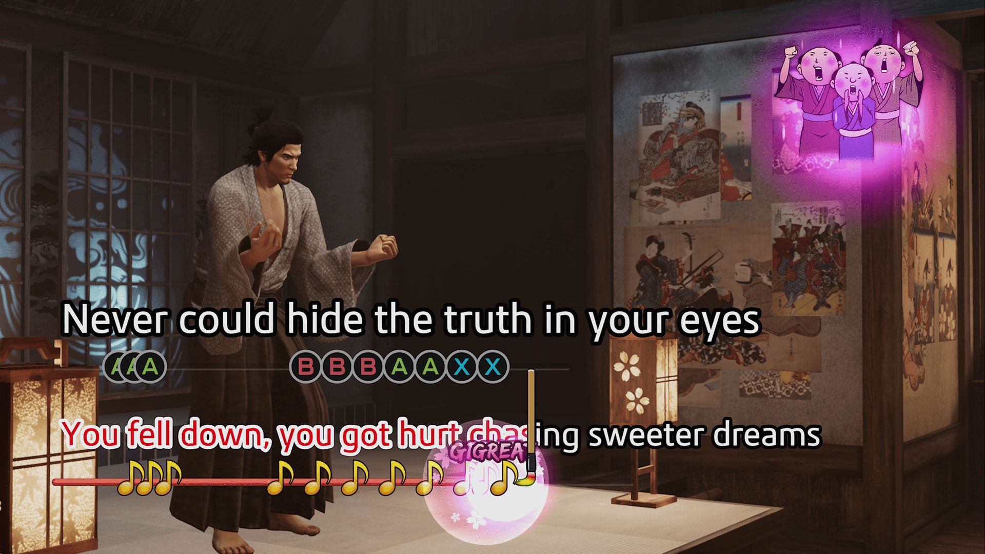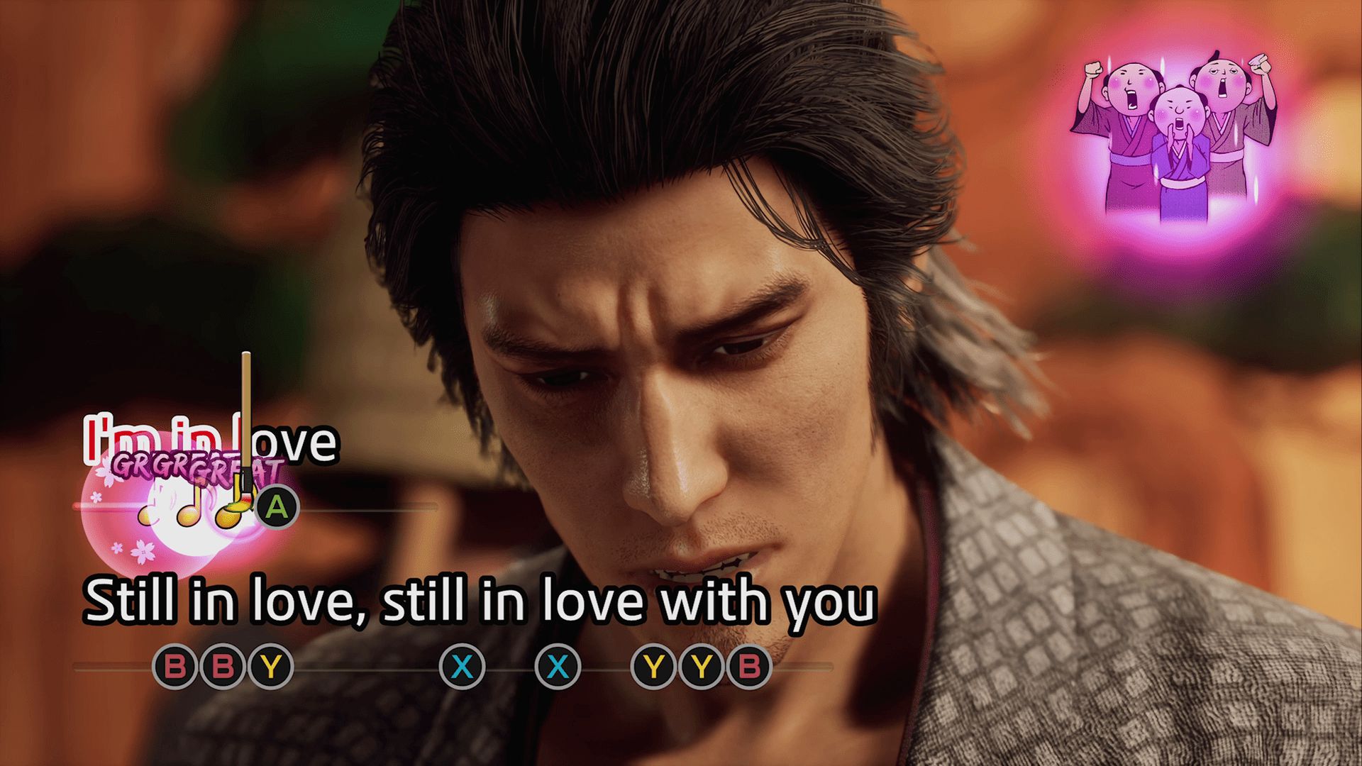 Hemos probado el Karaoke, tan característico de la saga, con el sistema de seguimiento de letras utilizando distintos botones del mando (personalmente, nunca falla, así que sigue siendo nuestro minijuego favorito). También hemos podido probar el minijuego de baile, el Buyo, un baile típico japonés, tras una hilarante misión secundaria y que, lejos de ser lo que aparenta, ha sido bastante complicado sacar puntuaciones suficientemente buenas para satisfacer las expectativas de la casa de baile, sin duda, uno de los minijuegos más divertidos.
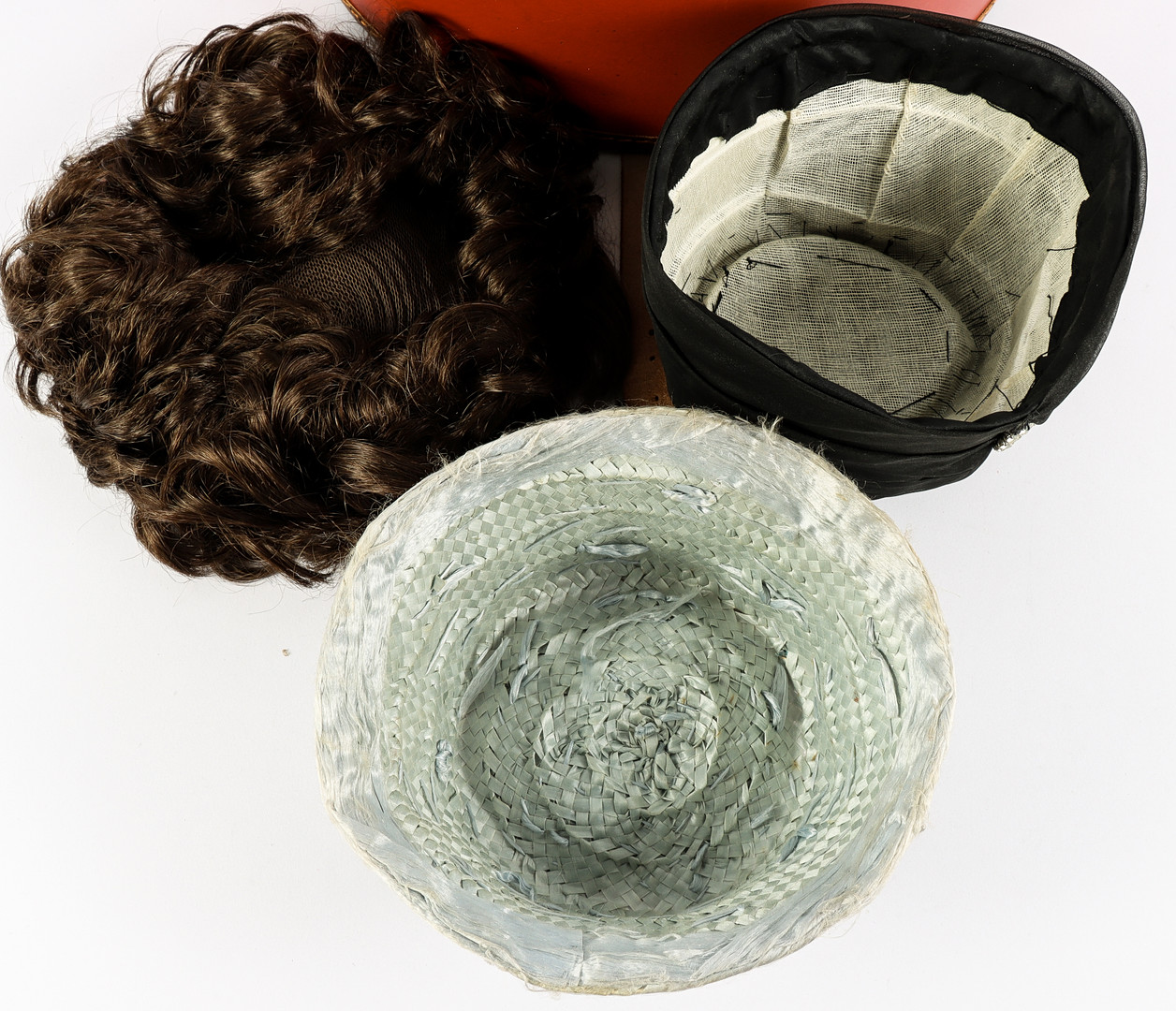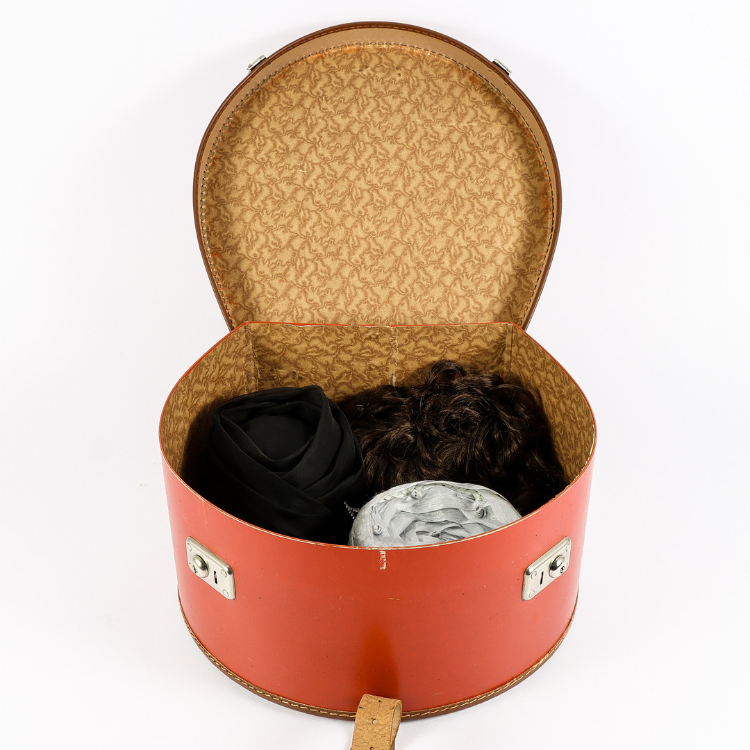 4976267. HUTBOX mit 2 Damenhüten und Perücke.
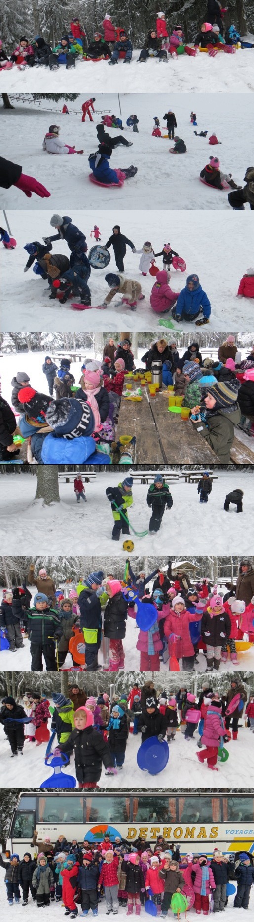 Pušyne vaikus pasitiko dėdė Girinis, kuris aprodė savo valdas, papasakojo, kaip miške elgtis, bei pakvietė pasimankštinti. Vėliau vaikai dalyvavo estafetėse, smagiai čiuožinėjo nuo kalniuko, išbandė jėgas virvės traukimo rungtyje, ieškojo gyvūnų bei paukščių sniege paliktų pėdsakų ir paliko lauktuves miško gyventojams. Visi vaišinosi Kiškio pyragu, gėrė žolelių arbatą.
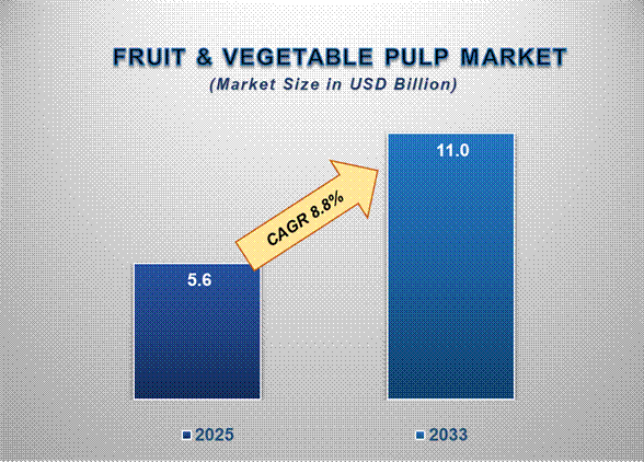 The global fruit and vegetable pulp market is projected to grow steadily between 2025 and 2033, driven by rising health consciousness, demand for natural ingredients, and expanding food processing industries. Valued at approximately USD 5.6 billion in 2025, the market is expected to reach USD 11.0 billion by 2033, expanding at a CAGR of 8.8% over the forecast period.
______________________________
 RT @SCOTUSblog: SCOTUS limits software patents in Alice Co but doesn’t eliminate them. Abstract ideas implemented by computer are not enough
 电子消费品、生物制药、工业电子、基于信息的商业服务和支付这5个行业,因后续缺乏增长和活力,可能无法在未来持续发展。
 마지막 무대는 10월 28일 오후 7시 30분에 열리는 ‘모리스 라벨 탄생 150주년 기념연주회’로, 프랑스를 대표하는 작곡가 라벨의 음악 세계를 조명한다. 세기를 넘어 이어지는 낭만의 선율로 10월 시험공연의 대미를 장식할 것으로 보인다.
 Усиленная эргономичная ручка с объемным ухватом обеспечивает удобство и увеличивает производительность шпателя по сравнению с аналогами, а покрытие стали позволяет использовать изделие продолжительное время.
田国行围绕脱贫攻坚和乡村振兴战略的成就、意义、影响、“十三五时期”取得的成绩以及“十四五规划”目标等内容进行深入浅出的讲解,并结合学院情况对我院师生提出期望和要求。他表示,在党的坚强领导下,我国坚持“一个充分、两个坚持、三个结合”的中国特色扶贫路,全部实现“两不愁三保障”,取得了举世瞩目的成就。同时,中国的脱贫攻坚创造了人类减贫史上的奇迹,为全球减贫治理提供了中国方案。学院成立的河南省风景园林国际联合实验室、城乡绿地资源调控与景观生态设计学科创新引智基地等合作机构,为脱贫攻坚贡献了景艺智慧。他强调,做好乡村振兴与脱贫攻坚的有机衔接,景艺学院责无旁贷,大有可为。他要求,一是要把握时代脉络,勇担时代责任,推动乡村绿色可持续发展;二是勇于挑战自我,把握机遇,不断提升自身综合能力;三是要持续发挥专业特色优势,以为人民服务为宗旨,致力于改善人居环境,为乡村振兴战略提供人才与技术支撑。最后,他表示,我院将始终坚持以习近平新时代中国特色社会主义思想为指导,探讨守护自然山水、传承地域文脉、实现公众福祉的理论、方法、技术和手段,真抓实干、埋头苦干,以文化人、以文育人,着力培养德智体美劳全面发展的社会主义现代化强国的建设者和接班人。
______________________________
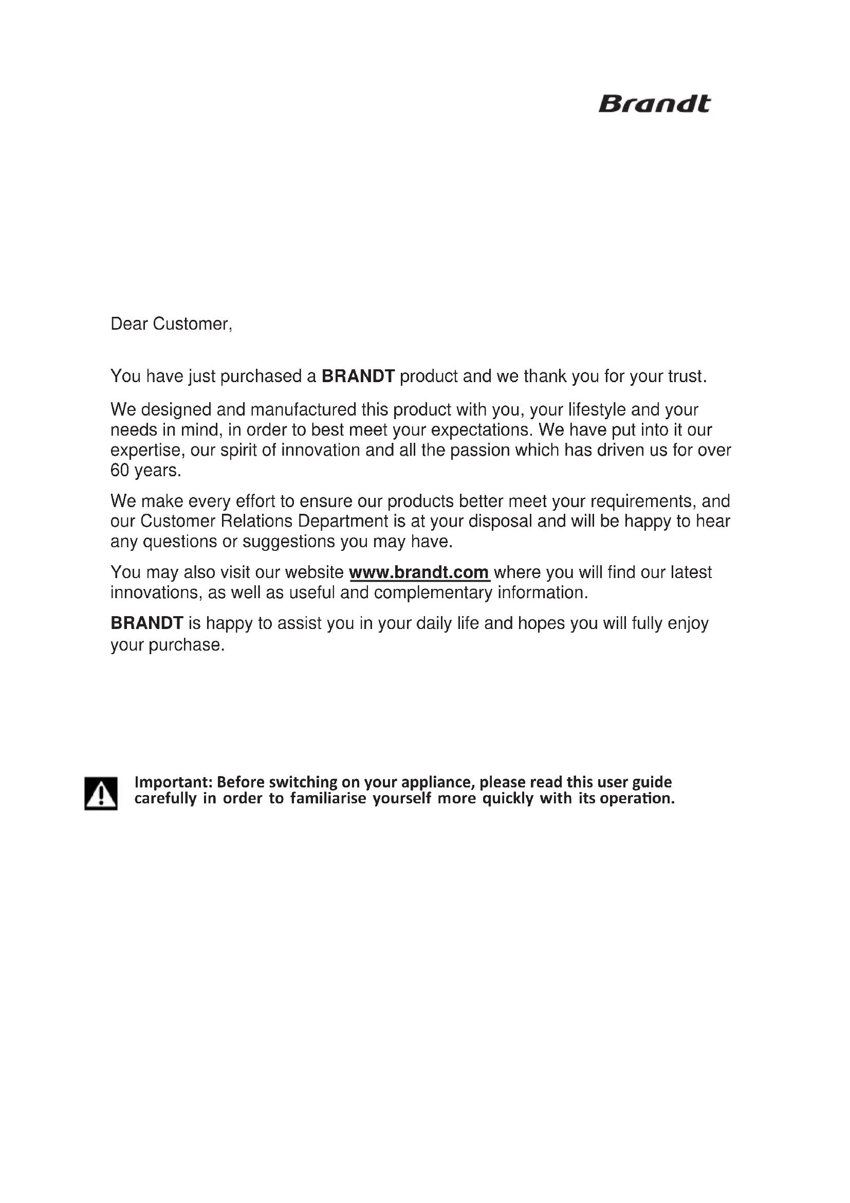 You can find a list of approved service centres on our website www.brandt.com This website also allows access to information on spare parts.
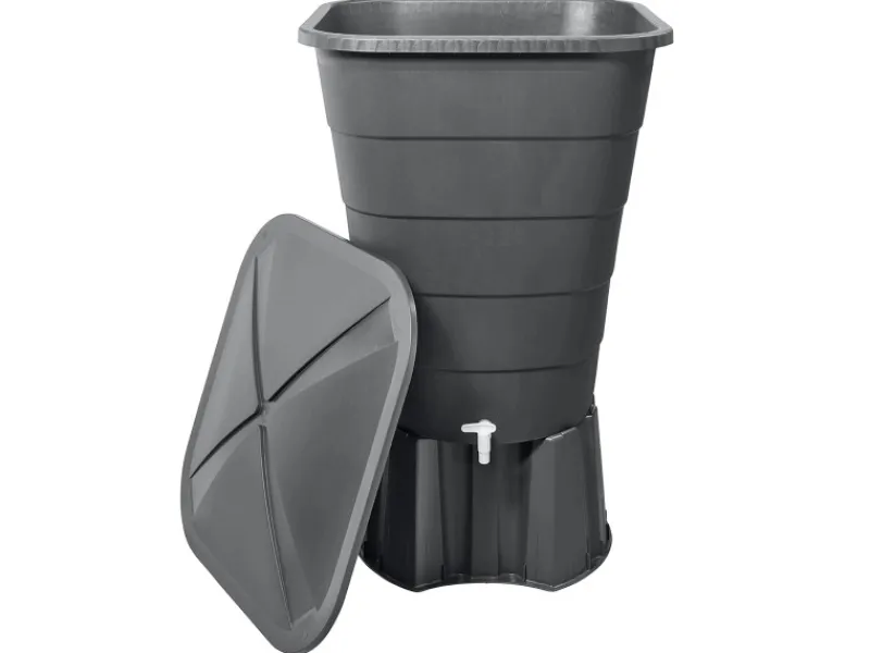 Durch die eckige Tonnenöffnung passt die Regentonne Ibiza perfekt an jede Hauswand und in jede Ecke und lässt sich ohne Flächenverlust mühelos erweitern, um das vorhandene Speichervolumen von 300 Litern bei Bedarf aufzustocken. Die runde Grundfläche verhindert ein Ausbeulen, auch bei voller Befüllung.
______________________________
WORK INSTRUCTIONS ▸ Using the data above, retype exactly the lines from the line with "4976267. HUTBOX mit" to the line with "Pušyne vaikus pasitiko", inclusive. No pictures and nothing else.

ANSWER SECTION ▸
 4976267. HUTBOX mit 2 Damenhüten und Perücke.
 Pušyne vaikus pasitiko dėdė Girinis, kuris aprodė savo valdas, papasakojo, kaip miške elgtis, bei pakvietė pasimankštinti. Vėliau vaikai dalyvavo estafetėse, smagiai čiuožinėjo nuo kalniuko, išbandė jėgas virvės traukimo rungtyje, ieškojo gyvūnų bei paukščių sniege paliktų pėdsakų ir paliko lauktuves miško gyventojams. Visi vaišinosi Kiškio pyragu, gėrė žolelių arbatą.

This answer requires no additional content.